Iris
Albert Maysles
par Céline Gobert
Iris Apfel n’est pas qu’une vieille dame avec de grosses lunettes admirant ses bijoux et ses vêtements devant un miroir : elle est une légende vivante de la mode. Dans le dernier documentaire d’Albert Maysles, décédé en mars dernier et connu notamment pour avoir filmé les Rolling Stones dans Gimme Shelter, la nonagénaire surnommée « l’oiseau rare de la mode » vole de séances photos en plateaux de télévision, de défilés de mode en marathons de shopping dans les rues new-yorkaises. Au total, elle possède trois appartements, dont un à Palm Beach et l’autre sur Park Avenue, et sept chambres remplies de vêtements, de colliers, de bracelets, de chaussures, de tuniques et autres items de collection venus des quatre coins du monde. Lorsqu’elle n’est pas appelée à remettre une récompense au créateur de mode Alexander Wang ou occupée à papoter avec le rappeur Kanye West en coulisses, Iris, du haut de ses 93 ans, donne des leçons de mode dans les universités, décore l’intérieur de la Maison Blanche (avec sa compagnie Old World Weavers, sous neuf présidents différents !) et voit sa collection exposée au Metropolitan Museum of Art. « Color can rise the dead », confie au feu documentariste, alors âgé de 87 ans, cette épouse d’un centenaire. Pour elle comme pour son mari Carl et le cinéaste Maysles, il ne s’agit peut-être que d’une chose : conjurer la mort, rester jeunes, vivants, occupés, et laisser une trace dans le monde avant de disparaître. On comprend dès lors ce qui a fasciné l’un des maîtres du « cinéma vérité » chez cette femme : sa liberté et son refus de se laisser avaler par l’existence et le monde. Sur des airs signés Justin Tripp ou Steve Bunn, et entre des interviews de designers, de photographes et de professionnels de la mode ayant côtoyé la dame, c’est surtout la passion légère et délicate de Maysles pour son sujet qui envahit l’écran, insufflant rythme frondeur et parfum désinvolte aux pérégrinations de la célèbre collectionneuse.
Comme à nous, Iris semble lui échapper.
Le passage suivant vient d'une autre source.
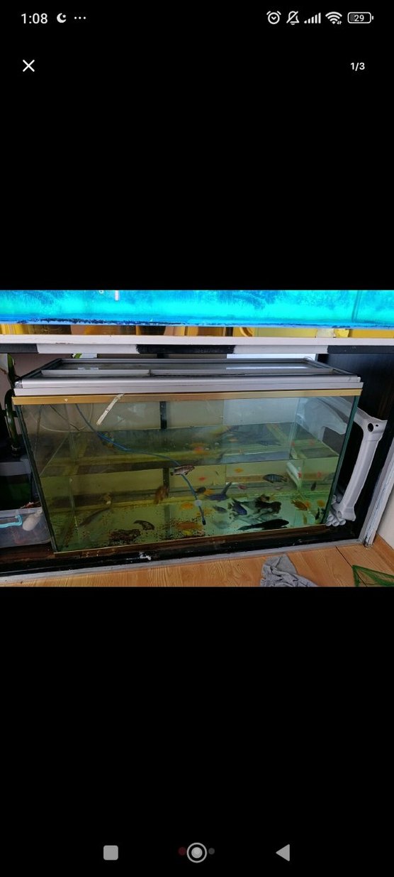 Büyük, mavi renkte, şeffaf camdan yapılmış akvaryum su canlıları için uygundur. ölçüleri uzunluk 110 yüksek lik 62 genişlik 40 ihtiyaç fazlasıdır

Bien qu’il s’appuie sur des photographies d’archives du couple, un album de mariage qu’elle ouvre face caméra et des extraits de vidéos 16 mm des voyages des amoureux, Maysles filme une dame d’un bout à l’autre mystérieuse, insaisissable, dont le rapport au monde reste paradoxal (sa célébrité lui est tout aussi futile que vitale). Alors qu’elle ne confie que timidement une anecdote sur un passé plus frugal et ne dévoile qu’à peine ses blessures, tel l’abandon qu’elle a pu ressentir face à l’absence d’une mère, Iris n’hésite pas à multiplier les formules-chocs : « Il vaut mieux être heureux que bien habillé », ou encore « On m’a dit “tu n’es pas jolie, et tu ne seras jamais jolie. Mais tu as quelque chose de bien plus important, tu as du style« .» C’est moins ce qu’elle cache que ce qu’elle revendique qui constitue in fine la chair du récit de Maysles : une individualité et une singularité qui tendent à disparaître dans la société contemporaine. C’est lorsque le documentaire expose les liens entre mode, politique, et économie, qu’il atteint un niveau supérieur : dans les downtowns financiers où se croisent mille costumes noirs et « uniformes » similaires, pour reprendre les termes d’Iris, la dame de 93 ans détonne. Son refus du conformisme, sa pulsion et sa détermination insatiables et éminemment artistiques de créer son « soi », de composer son propre style se font le reflet, par contraste, d’un monde et d’une époque de plus en plus homogène. Son « Je préfère m’habiller pour aller à la fête plutôt qu’aller à la fête » qu’elle lance à la caméra est un véritable mantra : ce qu’il faut pour rester jeune est de continuer à avoir du fun. Tant Iris que Maysles semblent en avoir eu à tourner ce film documentaire. Bonne nouvelle : le plaisir est contagieux, et, sans hasard, c’est le morceau Hey! Little Child d’Alex Chilton qui clôt le dernier film tourné en solo par Maysles, sans son frère David. Chanson-écho aux « petits enfants », que ni lui ni Iris n’ont jamais cessé d’être.